Fonsecaea monophora

Scientific classification
- Kingdom: Fungi
- Division: Ascomycota
- Class: Eurotiomycetes
- Order: Chaetothyriales
- Family: Herpotrichiellaceae
- Genus: Fonsecaea
- Species: F. monophora
- Binomial name: Fonsecaea monophora (Moore and de Almeida(1936)) de Hoog, Vicente, Attili (2004)
- Type strain: CBS 269.37, from a case of human chromoblastomycosis, S. America
- Synonyms: Botrytoides monophora Moore and de Almeida (1936);

= Fonsecaea monophora =

- Authority: (Moore and de Almeida(1936)) de Hoog, Vicente, Attili (2004)
- Synonyms: Botrytoides monophora Moore and de Almeida (1936)

Species of fungi

Fonsecaea monophora is a species of ascomycete fungi in the family Herpotrichiellaceae and is a causative agent of chromoblastomycosis. It is recognized by the World Health Organization as a neglected tropical disease.

F. monophora was described as a separate species from F. pedrosoi by de Hoog et al. in 2004.

Fonsecaea spp. are often recovered from environmental sources, including plants such as the babassu coconut. Disease caused by this fungus is usually of traumatic origin.

== Microbiology ==
The colony morphology is described as being restricted, spreading moderately, lanose to velvety, and the top being olivaceous to black with the reverse being black. The hyphae are septate and pale olivaceous. The conidiophores are erect, and can be either unbranched or branched, and are the same color as the hyphae or slightly darker. Conidiogenous cells are short-cylindrical, olivaceous, and arranged in loosely branched systems. The denticles have ellipsoidal, pale olivaceous conidia in short chains. Multi celled, sessile conidial chains similar to those found in the genus Cladophialophora can present.

Morphologically, Fonsecaea pedrosoi and Fonsecaea monophora are very similar. F. monophora typically have slightly longer conidial chains and slightly shorter denticles than F. pedrosoi. The two species cannot be distinguished physiologically, and sequencing of the internal transcribed spacer or D1/D2 region of ribosomal DNA is needed for identification. The absence of growth with inulin as sole carbon source, absence of fermentation, intolerance of 10% NaCl, tolerance of cycloheximide and absence of acid and extracellular DNAse production are traits shared by both species, as well as other melanized fungi belonging to the order Chaetothyriales.

In histopathology, a characteristic feature of chromoblastomycosis is the presence of Medlar bodies (also known as muriform cells), aggregations of spherical, pigmented fungal cells.

== Clinical Relevance ==
F. monophora is a causative agent of human chromoblastomycosis, and it is typically more opportunistic and neurotropic than F. pedrosoi. F. monophora has been isolated from brain abscesses, cervical lymph nodes, and bile, while F. pedrosoi appears to be associated strictly with chromoblastomycosis. Because of the similarities between the two species and the inability to distinguish them phenotypically, some cases attributed to F. pedrosoi may actually have been caused by F. monophora. Molecular methods are necessary for definite species identification.
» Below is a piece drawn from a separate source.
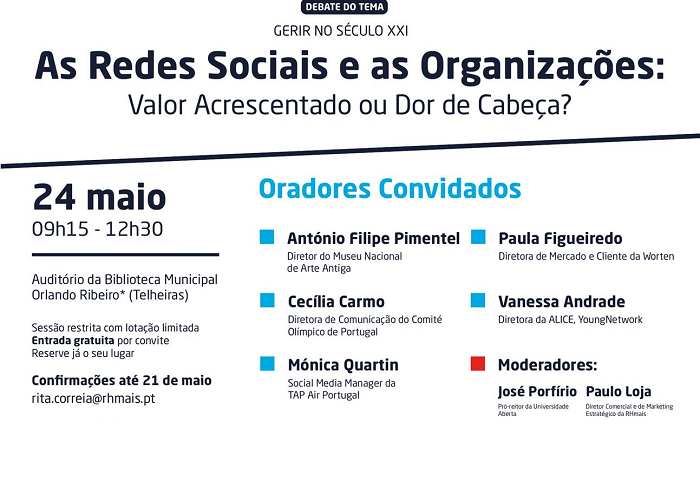 No dia 24 de Maio, a Engage Consulting esteve presente na V edição dos «Momentos Singulares», dedicada à dicotomia associada às redes sociais enquanto ferramentas de comunicação das organizações. Neste debate, organizado pela RHmais em parceria com a Universidade Aberta, no Auditório da Biblioteca Municipal Orlando Ribeiro em Lisboa, estiveram oradores de diversas áreas de atividade profissional, cujo denominador comum é a gestão da comunicação através de plataformas digitais.

The most common symptom experienced in CNS infection by F. monophora were headaches, which were typically accompanied by focal neurologic deficits and symptoms of increased intracranial pressure in several cases. In chromoblastomycosis, disease is usually characterized by polymorphic skin lesions and muriform cells in granulomatous and suppurative tissue.

For treatment, a combined approach with both early surgical intervention and combination treatment with antifungals vastly improves patient outcome. Therapy for F. monophora infection is challenging because there is no consensus regarding a treatment of choice. Outcomes are greatly variable and are dependent on the site of infection, lesion size, the etiological agent, and the patient's health status. In cases of chromoblastomycosis, F. monophora has been demonstrated to be sensitive to voriconazole, itraconazole, ketoconazole and terbinafine, but resistant to fluconazole and amphotericin B. Voriconazole has been used to successfully treat a case of CNS infection by F. monophora.

In a study involving 137 F. monophora isolates, the epidemiological cutoff values were; 2 μg/mL for itraconazole, 0.25 μg/mL for voriconazole and isavuconazole,1 μg/mL for posaconazole, and 0.5 μg/mL for terbinafine. Amphotericin B and flucytosine did not have epidemiological cutoff values set due to bimodal distribution.